● Data entries

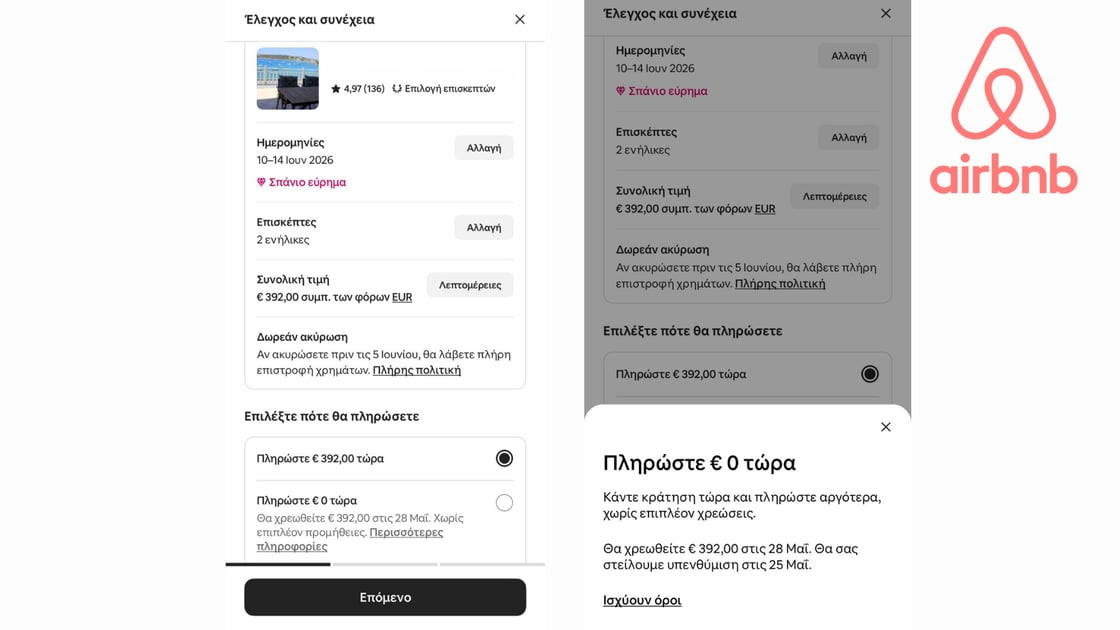 Η νέα επιλογή «Κάντε κράτηση τώρα, πληρώστε αργότερα» είναι διαθέσιμη για Έλληνες επισκέπτες που κάνουν κράτηση σε επιλεγμένα καταλύματα παγκοσμίως1, τα οποία ακολουθούν «μέτρια» ή «ευέλικτη» πολιτική ακύρωσης και τους επιτρέπει να μην καταβάλουν ολόκληρο το ποσό, παρά μόνο λίγο πριν από τη λήξη της περιόδου δωρεάν ακύρωσης. Οι πολιτικές ακύρωσης που επιλέγουν οι οικοδεσπότες παραμένουν αμετάβλητες. Η πληρωμή από τους επισκέπτες ολοκληρώνεται πάντα πριν από τη λήξη της δωρεάν περιόδου ακύρωσης, εξασφαλίζοντας πως οι οικοδεσπότες διαθέτουν τον απαραίτητο χρόνο για να προχωρήσουν σε νέα κράτηση σε περίπτωση ακύρωσης.
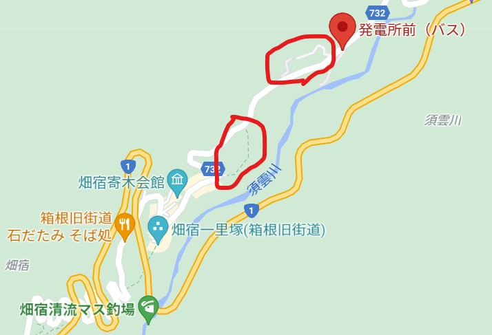 12月訪れた際は、箱根湯本駅からバスに乗車し、釣り場最寄り「畑宿」バス停より少し前の「発電所前」で降りて、旧東海道を歩きました。バーベキュー用の肉と酒が少し重かったですが、簡単なハイキング気分で、なかなか良かったです。GoogleMapで確認できる下記赤丸部分が旧街道で、江戸時代に作られた石畳などがあり、良い感じでした。
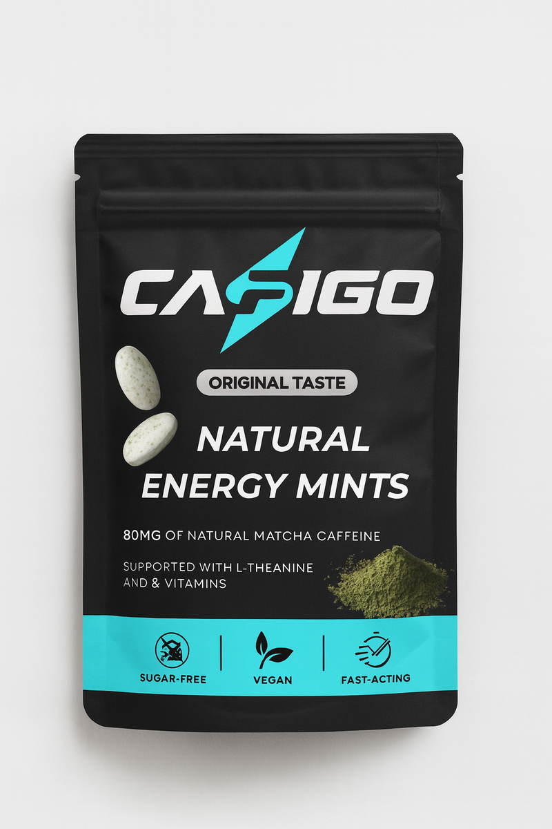Eén CAFIGO mint geeft je dezelfde cafeïne-boost als een kop koffie of een energiedrank, maar dan zonder suiker, morsen of onhandige blikjes.
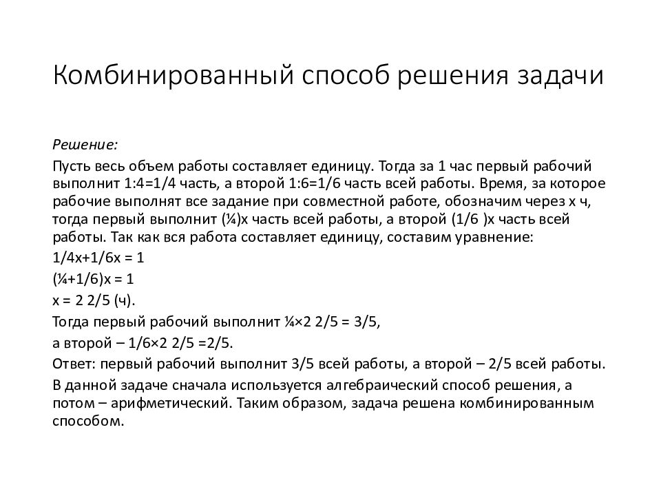 Решение: Пусть весь объем работы составляет единицу. Тогда за 1 час первый рабочий выполнит 1:4=1/4 часть, а второй 1:6=1/6 часть всей работы. Время, за которое рабочие выполнят все задание при совместной работе, обозначим через х ч, тогда первый выполнит (¼)х часть всей работы, а второй (1/6 )х часть всей работы. Так как вся работа составляет единицу, составим уравнение: 1/4х+1/6х = 1 (¼+1/6)х = 1 х = 2 2/5 (ч). Тогда первый рабочий выполнит ¼×2 2/5 = 3/5, а второй – 1/6×2 2/5 =2/5. Ответ: первый рабочий выполнит 3/5 всей работы, а второй – 2/5 всей работы. В данной задаче сначала используется алгебраический способ решения, а потом – арифметический. Таким образом, задача решена комбинированным способом.
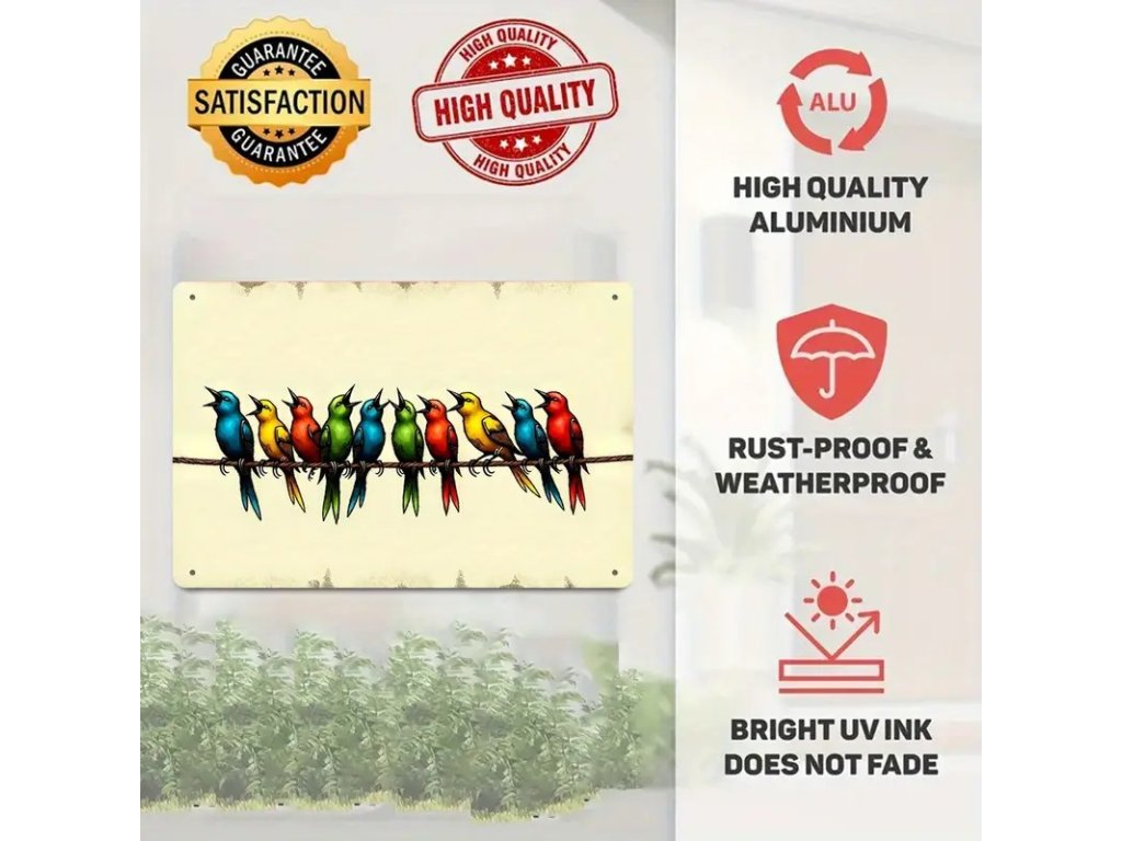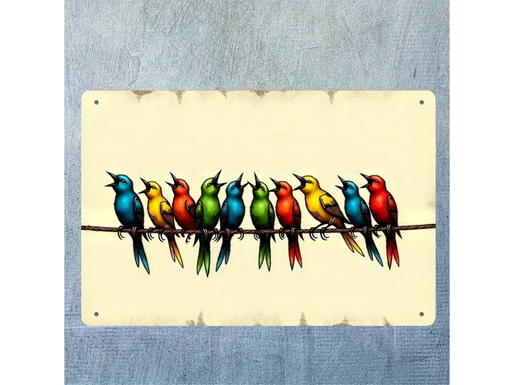 Nástěnná kovová cedule Špačci na drátě. 20 x 30 cm

● WORK INSTRUCTION
Verbatim transcription needed, from the opening line of the entries above through the line containing "Eén CAFIGO mint"; pictures do not belong in it.

● RESULT FOR THIS TASK
 Η νέα επιλογή «Κάντε κράτηση τώρα, πληρώστε αργότερα» είναι διαθέσιμη για Έλληνες επισκέπτες που κάνουν κράτηση σε επιλεγμένα καταλύματα παγκοσμίως1, τα οποία ακολουθούν «μέτρια» ή «ευέλικτη» πολιτική ακύρωσης και τους επιτρέπει να μην καταβάλουν ολόκληρο το ποσό, παρά μόνο λίγο πριν από τη λήξη της περιόδου δωρεάν ακύρωσης. Οι πολιτικές ακύρωσης που επιλέγουν οι οικοδεσπότες παραμένουν αμετάβλητες. Η πληρωμή από τους επισκέπτες ολοκληρώνεται πάντα πριν από τη λήξη της δωρεάν περιόδου ακύρωσης, εξασφαλίζοντας πως οι οικοδεσπότες διαθέτουν τον απαραίτητο χρόνο για να προχωρήσουν σε νέα κράτηση σε περίπτωση ακύρωσης.
 12月訪れた際は、箱根湯本駅からバスに乗車し、釣り場最寄り「畑宿」バス停より少し前の「発電所前」で降りて、旧東海道を歩きました。バーベキュー用の肉と酒が少し重かったですが、簡単なハイキング気分で、なかなか良かったです。GoogleMapで確認できる下記赤丸部分が旧街道で、江戸時代に作られた石畳などがあり、良い感じでした。
Eén CAFIGO mint geeft je dezelfde cafeïne-boost als een kop koffie of een energiedrank, maar dan zonder suiker, morsen of onhandige blikjes.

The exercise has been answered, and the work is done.